L’équation impossible ? En hommage à Slim Chaker

L’équation du développement et de la sortie de la crise économique tunisienne devient de plus en plus difficile à résoudre. Une équation à laquelle s’est confronté l’ami et le ministre Slim Chaker du temps où il était en charge des Finances du pays. Ce texte rend hommage à sa détermination, son dévouement et son sens de l’Etat. Repose en paix Slim.

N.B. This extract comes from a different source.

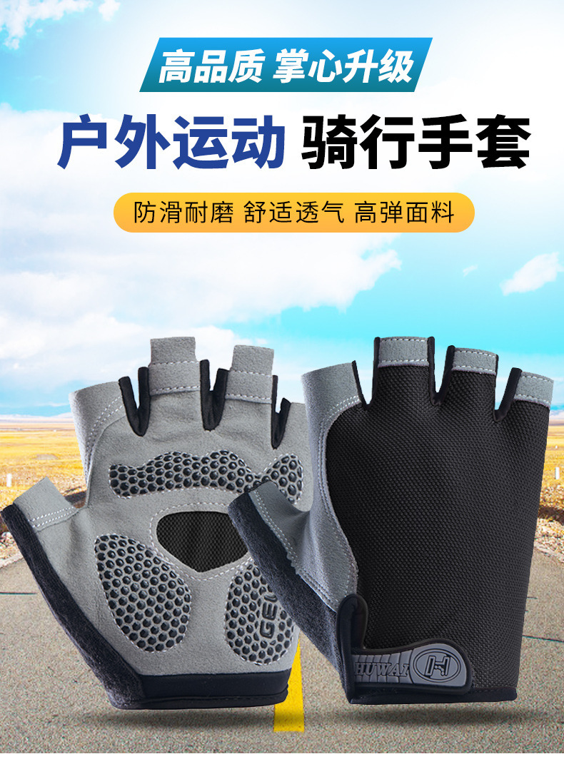 运动半指健身户外骑行登山透气减震防滑吸汗手套防起茧触屏防护

Le débat public en Tunisie est marqué depuis plusieurs mois par les discussions sur la crise économique que traverse notre économie et cette transition économique devenue de plus en plus problématique. La question ou l’équation que cherche à résoudre le gouvernement est relative au maintien et au renforcement de l’amélioration de la croissance enregistrée lors du premier trimestre de l’année en cours, mais qui s’est affaiblie lors du second trimestre, tout en relevant les défis des grands équilibres économiques. Une équation qui est devenue un casse-tête pour tous les gouvernements post-révolution.
Mais pour mesurer la complexité de la situation, revenons un instant sur les grands défis de notre économie. Le premier est celui des finances publiques avec un déficit qui ne cesse de s’accentuer au fil des ans et que nous avons les plus grandes peines à maîtriser. Ce gap est le résultat d’une croissance forte de nos dépenses particulièrement de la masse salariale, de nos dépenses de compensation, des remboursements de la dette ainsi que le budget d’investissement. Mais, ces dépenses n’ont pas été soutenues par une croissance forte de nos recettes. Du coup, c’est le recours à la dette interne et externe qui a permis de combler ce gap et a été à l’origine de l’explosion de la dette et de son service.

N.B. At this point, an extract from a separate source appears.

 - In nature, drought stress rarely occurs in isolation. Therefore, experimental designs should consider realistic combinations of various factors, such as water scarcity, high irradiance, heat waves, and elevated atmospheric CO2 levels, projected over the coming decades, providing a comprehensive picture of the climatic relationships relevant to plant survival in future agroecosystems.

Le second défi concerne la reprise de la croissance ainsi que son contenu. Jusque-là, les tendances récessionnistes n’ont pas permis à la croissance de repartir et la dynamique économique est restée faible et fragile. Mais, en plus de sa fragilité, c’est le contenu de cette croissance qui pose des difficultés pour notre économie dans la mesure où c’est la consommation qui joue le rôle de principale locomotive. La nature de cette croissance a renforcé les déséquilibres de notre économie et a contribué au creusement du déficit commercial. La reprise de la croissance et le changement de sa nature en donnant à l’investissement un rôle beaucoup plus important constituent un autre défi majeur pour les pouvoirs publics.

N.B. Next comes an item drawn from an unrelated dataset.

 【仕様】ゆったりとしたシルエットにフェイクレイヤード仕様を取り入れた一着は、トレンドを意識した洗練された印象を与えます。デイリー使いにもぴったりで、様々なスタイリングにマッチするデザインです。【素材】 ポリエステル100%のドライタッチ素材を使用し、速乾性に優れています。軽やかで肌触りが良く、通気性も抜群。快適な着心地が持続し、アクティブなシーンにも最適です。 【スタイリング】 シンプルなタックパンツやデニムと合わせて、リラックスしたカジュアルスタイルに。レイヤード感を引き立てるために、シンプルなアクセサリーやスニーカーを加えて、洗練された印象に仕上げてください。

Le troisième défi concerne le mouvement des réformes économiques et son accélération. En effet, un consensus est établi sur la rigidité et la crise de nos institutions économiques et sociales et qui ont été au cœur des dynamiques économiques et du contrat social hérité des années pré-révolution. Il était nécessaire d’opérer un large mouvement de réformes afin de redonner à ces institutions une plus grande efficacité et pour certaines d’entre-elles de les sauver de la déroute. Ces réformes concernent les institutions sociales notamment les caisses sociales, le système de compensation, les mécanismes de financement de l’économie et la fiscalité. Or, en dépit de ce consensus, le mouvement des réformes n’a pas été à la hauteur des attentes et d’importants retards ont été enregistrés dans leur exécution.
Ainsi, le renforcement du redressement économique tout en soulevant les défis des grands équilibres macroéconomiques et particulièrement ceux des finances publiques, de la reprise de l’investissement et de l’accélération des réformes économiques constituent l’équation à laquelle les pouvoirs doivent trouver les solutions adéquates.
Certes, le gouvernement a avancé dans cette direction. La loi de Finances 2018 en cours de finalisation ainsi que le projet de développement économique 2017-2020 qui sera publié officiellement dans les prochains jours après que le gouvernement ait finalisé ses consultations avec les partis et les organisations signataires de la charte de Carthage, constituent les réponses du gouvernement à cette équation.
Mais, nous pensons que la gravité de cette situation et sa complexité exigent du gouvernement de sortir des sentiers battus et d’apporter des réponses nouvelles. Les périodes de crise économique et sociale sont des moments d’une grande inventivité et d’innovation économique et sociale. A nous de prendre les termes de cette équation à bras-le-corps et de lui apporter les solutions capables de redonner espoir à notre jeunesse.